_Task objective_
Reproduce the lines below exactly. Skip images.

_Source material_
*** Block opens ***

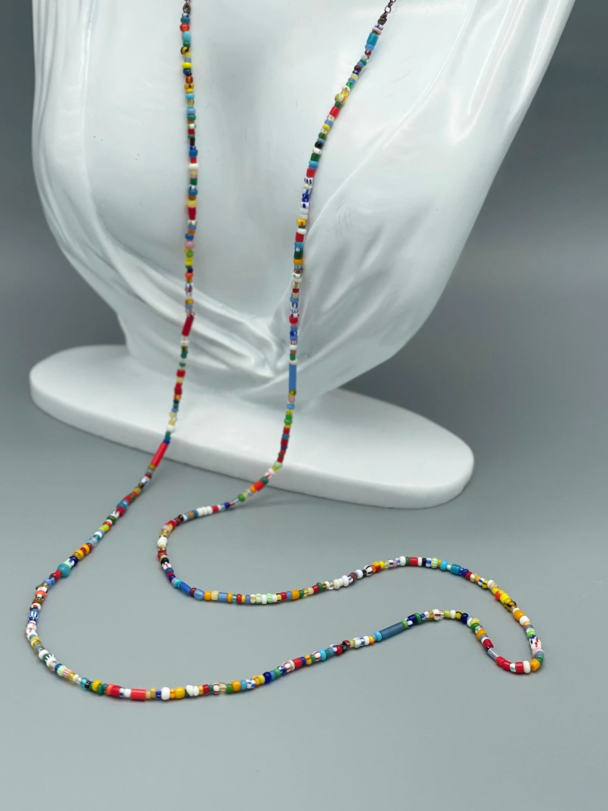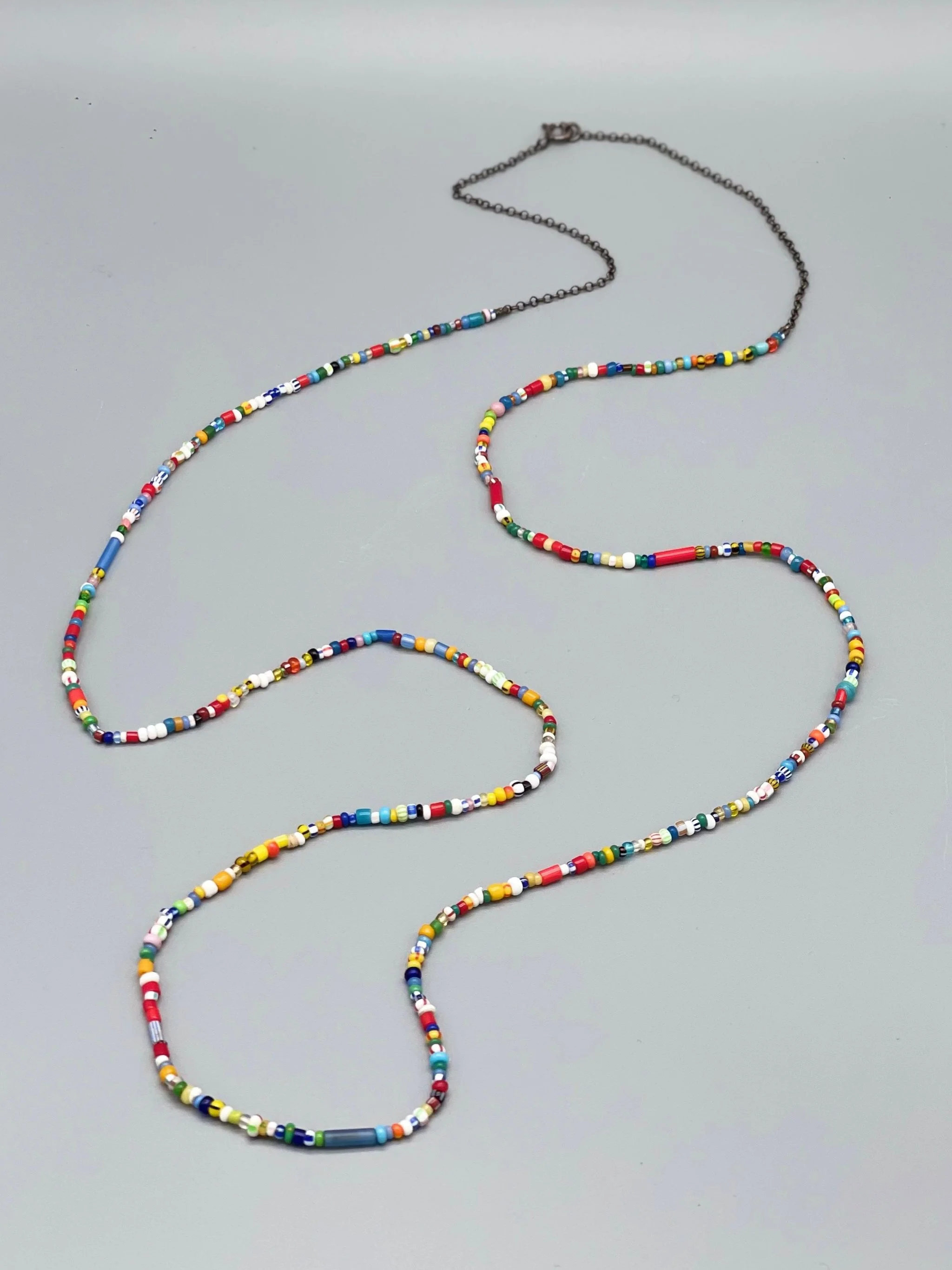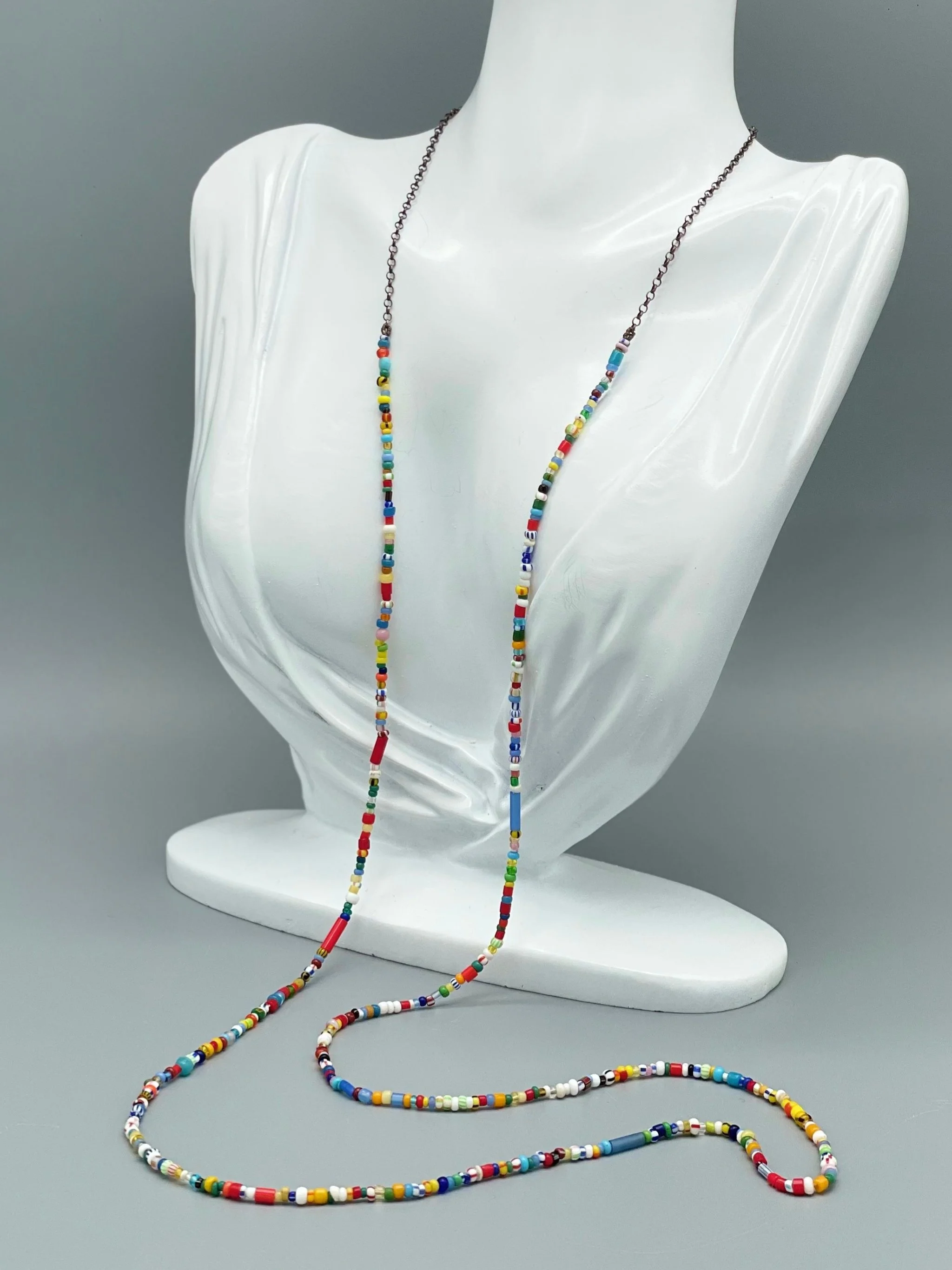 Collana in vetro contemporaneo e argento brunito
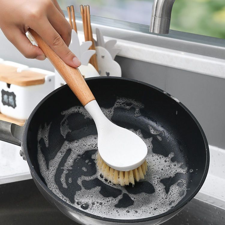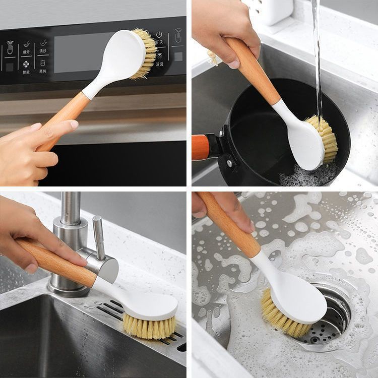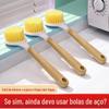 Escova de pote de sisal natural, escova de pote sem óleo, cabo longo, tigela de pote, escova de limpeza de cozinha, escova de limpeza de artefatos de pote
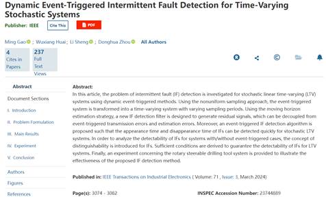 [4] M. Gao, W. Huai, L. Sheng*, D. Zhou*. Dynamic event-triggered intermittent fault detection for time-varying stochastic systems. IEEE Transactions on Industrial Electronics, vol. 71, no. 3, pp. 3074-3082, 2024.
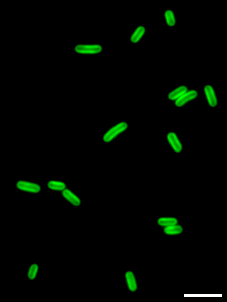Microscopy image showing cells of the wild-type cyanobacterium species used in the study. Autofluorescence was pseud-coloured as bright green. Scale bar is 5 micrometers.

*** Block closes ***

_Result_
 Collana in vetro contemporaneo e argento brunito
 Escova de pote de sisal natural, escova de pote sem óleo, cabo longo, tigela de pote, escova de limpeza de cozinha, escova de limpeza de artefatos de pote
 [4] M. Gao, W. Huai, L. Sheng*, D. Zhou*. Dynamic event-triggered intermittent fault detection for time-varying stochastic systems. IEEE Transactions on Industrial Electronics, vol. 71, no. 3, pp. 3074-3082, 2024.
Microscopy image showing cells of the wild-type cyanobacterium species used in the study. Autofluorescence was pseud-coloured as bright green. Scale bar is 5 micrometers.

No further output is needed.